No todo el mundo sabe amar bien. O dicho de otra forma: no todo el mundo está dispuesto a amar. ¿Pero si hemos sido creados para amar…? ¿Pero si el hombre que no ama no es feliz…? ¿Pero si el amor mueve al mundo…?
Pues sí. Todo lo anterior está muy bien, pero la realidad es que amar no es nada fácil. En primer lugar porque el amor con mayúscula exige el olvido de sí, y pocos están dispuestos a anteponerlo a su yo. Como dice Benedicto XVI en la Encíclica Caridad en la Verdad: "Amar a alguien es querer su bien y trabajar eficazmente por él".
El egoísmo, la comodidad, la vanidad, la soberbia, el amor propio, impiden que el verdadero amor sea la finalidad última de todas nuestras acciones educativas. De modo que:
− Cuando impongo un castigo, ¿lo hago porque persigo una mejora o por querer imponer a toda costa mi autoridad?
− Cuando digo que no, ¿lo hago porque sé que no conviene o por ir a la contra e imponer mis criterios?

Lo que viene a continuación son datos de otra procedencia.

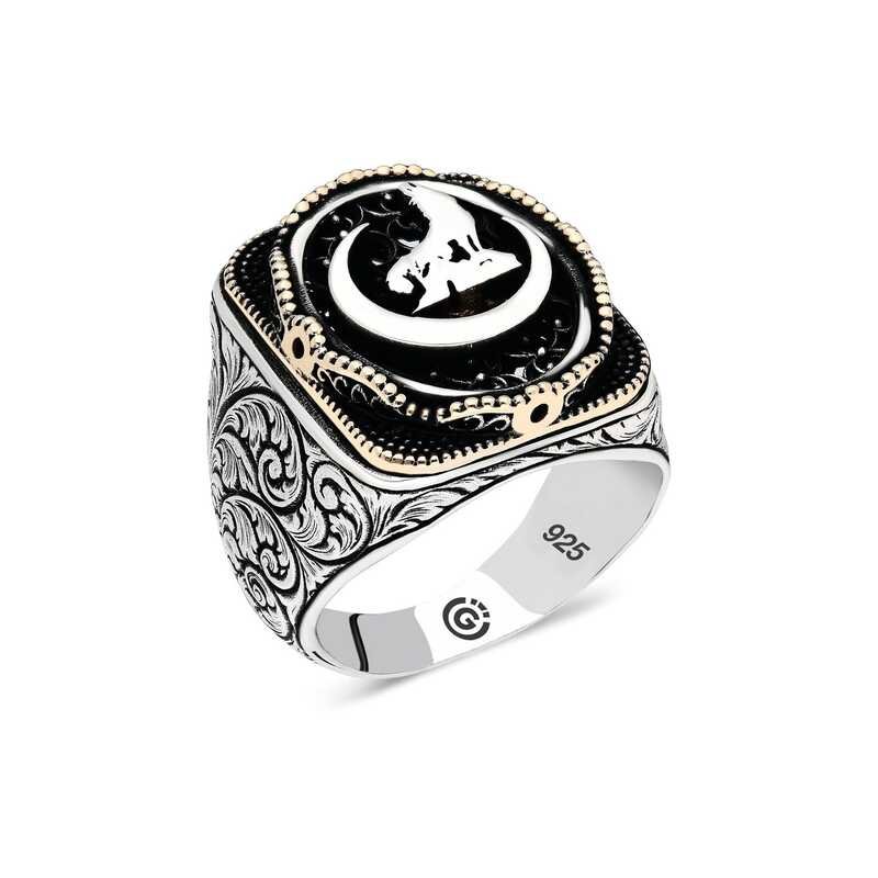 Gümüş üzerindeki hilal bozkurt oval erkek yüzük modeli günün her anında kullanabileceğiniz şık bir aksesuardır. Bu yüzüğü; kendinize ya da sevdiklerinize doğum gününde, babalar gününde ya da özel günlerde hediye edebilirsiniz. Hilal bozkurt erkek yüzük modeli 925 ayar gümüşten imal edilmiştir. Gümüş üzerine oksit kaplama yapılmıştır. Oksit kaplama yapılan gümüş erkek yüzük modelleri parlaklığını uzun süre muhafaza eder. Tüm erkek yüzüklerde olduğu gibi gümüş hilal bozkurt erkek yüzük modeli de el emeği ile üretilmiştir. Gümüş ve değerli taşlar nedeniyle belirtilen ortalama ürün ağırlığında ± %10 sapma olabilmektedir.

− Cuando premio, ¿lo hago por un estímulo personal ante una acción o por la vanidad de sentirme a gusto conmigo mismo?
De todos es conocido que la familia es el único ámbito social donde se quiere a la persona por lo que es, y no por lo que vale, por sus cualidades humanas y sociales. Todos tenemos ejemplos cercanos: hijos que no son "dignos" de dicho nombre y que sin embargo recurren una y otra vez a sus progenitores, pues saben que a pesar de los pesares siempre estarán dispuestos a prestarle esa ayuda que quizás no se merecen.

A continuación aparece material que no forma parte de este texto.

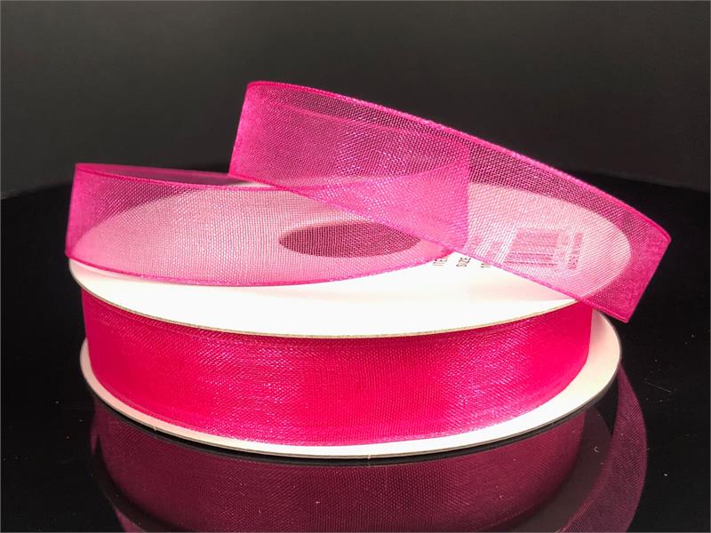 5/8" monofilament edge organza ribbon x 100 yds, fushia

Ese amor que además tiene connotaciones sobrenaturales –…disculpa sin límites, confía sin límites, espera sin límites, soporta sin límites (san Pablo a los Corintios)– está preparado para afrontar con generosidad y entrega los problemas propios de la profesión de padres que, como bien sabes, ejerceremos hasta que nos muramos.
Aquí me gustaría hacer un pequeño parón, y reflexionar sobre las connotaciones de carácter fisiológicos que -a mi parecer- tiene el amor que las madres y los padres profesan a sus hijos.
Cualquiera sabe que para poder preparar un plato de filetes con huevos intervienen el cerdo y la gallina. La gallina ha colaborado poniendo sus huevos y el cerdo se implica perdiendo su vida para poder ofrecer los filetes. Guardando las distancias –que evidentemente son grandes–, para que venga un hijo a este mundo –de forma natural- hacen falta un hombre y una mujer. Y como bien sabemos, el papel que juegan el hombre y la mujer son cualitativamente diferentes. El hombre –al igual que la gallina– colabora. Pero es la mujer la que se implica y presta a ese nuevo ser su cuerpo y todo lo que de ello se deriva. Esto da lugar a que entre ambos se creen unos lazos biológicos y sentimentales que duran toda la vida y que comienzan en el momento mismo de la concepción. Por eso el amor de una madre no tiene parangón. Esto no quiere decir que el amor de los padres sea un amor de segunda fila, pero no cabe duda de que, queramos o no queramos, esos nueve meses marcan: la madre siente, el padre observa; la madre percibe, el padre sueña; la madre alimenta, el padre sustenta; la madre sufre, el padre consuela.